C’est curieux qu’ils aient oublié qu’ils étaient en alliance avec lui, l’étranger, en 1995, contre Bédié, et qu’ils ont organisé le boycott actif ensemble. Ouattara est étranger et ils l’ont laissé participer à notre élection présidentielle ? Voyons ! Mettons de côté les émotions puériles et agissons avec raison. Notre pays a été en crise parce que nous avions voulu traiter d’autres Ivoiriens comme des étrangers. Sortons de cette crise en nous acceptant tous.

Agissons avec raison en regardant notre pays. Dans quel état se trouve-t-il aujourd’hui ? En pleine décadence. Notre pays est devenu celui de l’immoralité à tous les niveaux, de la paresse, de l’impunité, de la corruption. Est-ce un tel pays que nous voulons léguer à nos enfants ? Sommes-nous fiers de vivre dans un tel pays que plus personne à l’extérieur ne respecte ? Sommes-nous fiers que le monde entier se torde de rire chaque fois que notre chef d’Etat ouvre la bouche ? Quelle culture le pouvoir actuel a-t-il inculqué à nos enfants ? Celle de la violence, de l’irrespect, de l’impolitesse, de la tricherie, du gain facile. Qui respecte encore une quelconque valeur ou autorité dans ce pays ? Quel jeune respecte encore un aîné, un chef ?

Même dans l’armée, des hommes de troupe ont osé battre des officiers, au point où l’un d’eux en est mort, sans subir la moindre sanction. Des étudiants ont osé battre des magistrats, tuer certains de leurs camarades, en violer, sans subir la moindre sanction. Sommes-nous fiers de vivre dans un tel pays ?

Moi je veux vivre dans un pays qui marche sur ses pieds et non sur la tête, un pays qui marche avec les autres pays du monde, à commencer par ses voisins, et non contre eux. On nous chante qu’on va nous donner la vraie indépendance. Peut-on être indépendant quand nos enfants ne peuvent pas aller correctement à l’école, parce que le pouvoir subventionne une mafia appelé FESCI (Ndlr : Fédération estudiantine et scolaire de Côte d’Ivoire) ? Allons, allons, chers compatriotes ! Avez-vous vu dans quel état se trouvent nos universités et nos grandes écoles qui ont servi à former nos élites d’aujourd’hui, celle qui fait encore tourner ce pays malgré tout, et qui devraient former celles de demain ? Quelles élites sortent-elles de nos écoles aujourd’hui ? Quel pays nous attendons-nous donc à avoir ?

M. Gbagbo nous dit qu’il n’a rien pu faire à cause de la guerre.

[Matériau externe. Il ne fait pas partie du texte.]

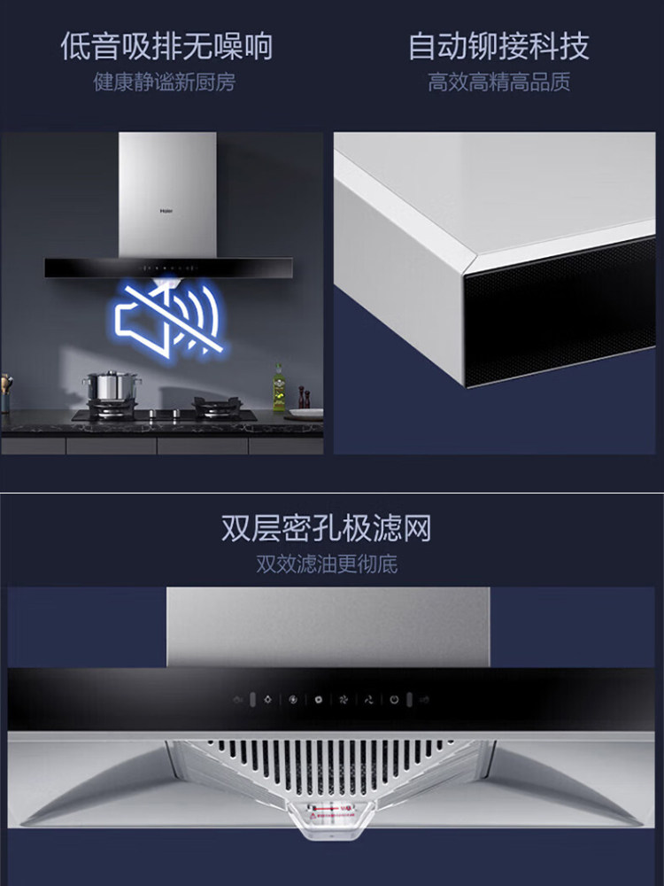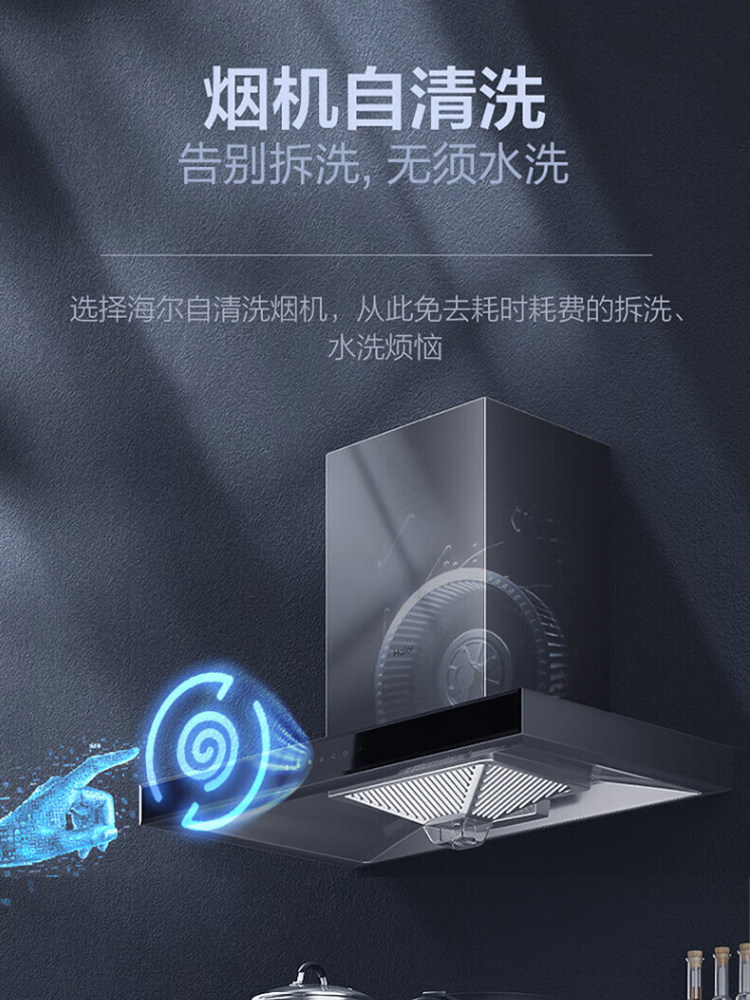 Haier (Haier) range hood 21 cubic large suction self-cleaning European-style flat wave control range hood

Il a pourtant englouti tout l’argent de notre pétrole dans la construction de palais à Yamoussoukro, pendant que ses proches bâtissaient des colossales fortunes. A quoi cela nous sert-il d’avoir de beaux palais lorsque nous vivons dans la misère et que nos enfants n’ont pas de travail ? Ivoiriens, soyons lucides pour arracher notre pays dont nous étions si fiers des mains de ceux qui l’ont rabaissé au rang d’un pays quelconque.

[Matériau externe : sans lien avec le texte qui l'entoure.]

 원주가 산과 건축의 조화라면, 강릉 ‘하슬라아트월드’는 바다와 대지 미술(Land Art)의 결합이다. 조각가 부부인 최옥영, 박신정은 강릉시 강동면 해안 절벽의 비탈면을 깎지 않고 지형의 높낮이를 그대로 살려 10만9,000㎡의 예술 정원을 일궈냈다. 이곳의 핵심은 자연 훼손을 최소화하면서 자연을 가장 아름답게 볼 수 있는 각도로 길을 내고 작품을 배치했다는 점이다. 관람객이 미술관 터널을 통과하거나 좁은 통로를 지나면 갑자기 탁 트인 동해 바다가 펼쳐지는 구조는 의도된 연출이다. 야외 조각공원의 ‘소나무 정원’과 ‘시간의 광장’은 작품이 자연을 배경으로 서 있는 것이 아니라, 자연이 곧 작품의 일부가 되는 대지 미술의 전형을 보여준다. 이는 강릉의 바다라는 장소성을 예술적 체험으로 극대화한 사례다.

Que nos jeunes frères et sœurs réfléchissent bien. Notre pays n’a pas besoin d’un chef qui mange de la banane braisée au coin d’une rue ou qui sait danser. Nous avons trop dansé. Il est temps que notre pays se remette au travail pour que, eux, les jeunes y aient un avenir et qu’ils ne soient pas tentés, comme bien d’autres jeunes d’aujourd’hui, de traverser le désert ou l’Atlantique pour aller à la recherche d’un illusoire paradis. Ce pays peut être un paradis pour tous. A condition que nous taisions nos haines et nos rancœurs, et que nous nous donnions un chef qui a de solides compétences en économie et qui est respectable.

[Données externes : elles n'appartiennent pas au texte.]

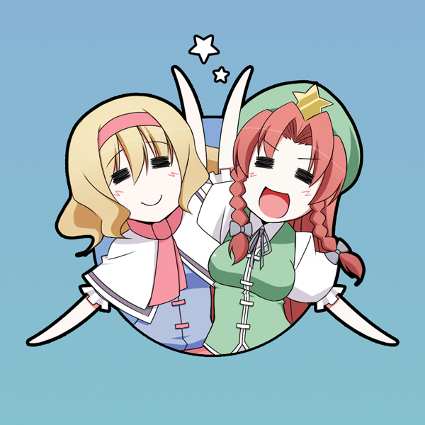 1boy2girlsblonde hairbraidbreastsfemale focushairbandhatmultiple girlsred hairsmiletwin braidsupper body

Alassane Ouattara est cet homme. Que les militants du PDCI qui hésitent encore sachent que le RHDP n’est que la recomposition du PDCI d’avant, celui qui avait bâti la Côte d’Ivoire prospère, fraternelle et respectée dans laquelle nous avons vécu. Le RDR et l’UDPCI sont sortis des entrailles du PDCI. Le MFA est venu les rejoindre. Le RHDP, c’est la famille brouillée hier qui s’est réconciliée aujourd’hui. Ce sont les enfants d’Houphouët-Boigny qui se sont retrouvés. Alassane Ouattara au pouvoir, c’est le PDCI d’antan qui s’y installe. Que ces militants du PDCI n’oublient pas que c’est Houphouët-Boigny qui avait fait venir Ouattara lorsque le pays traversait une crise très aiguë.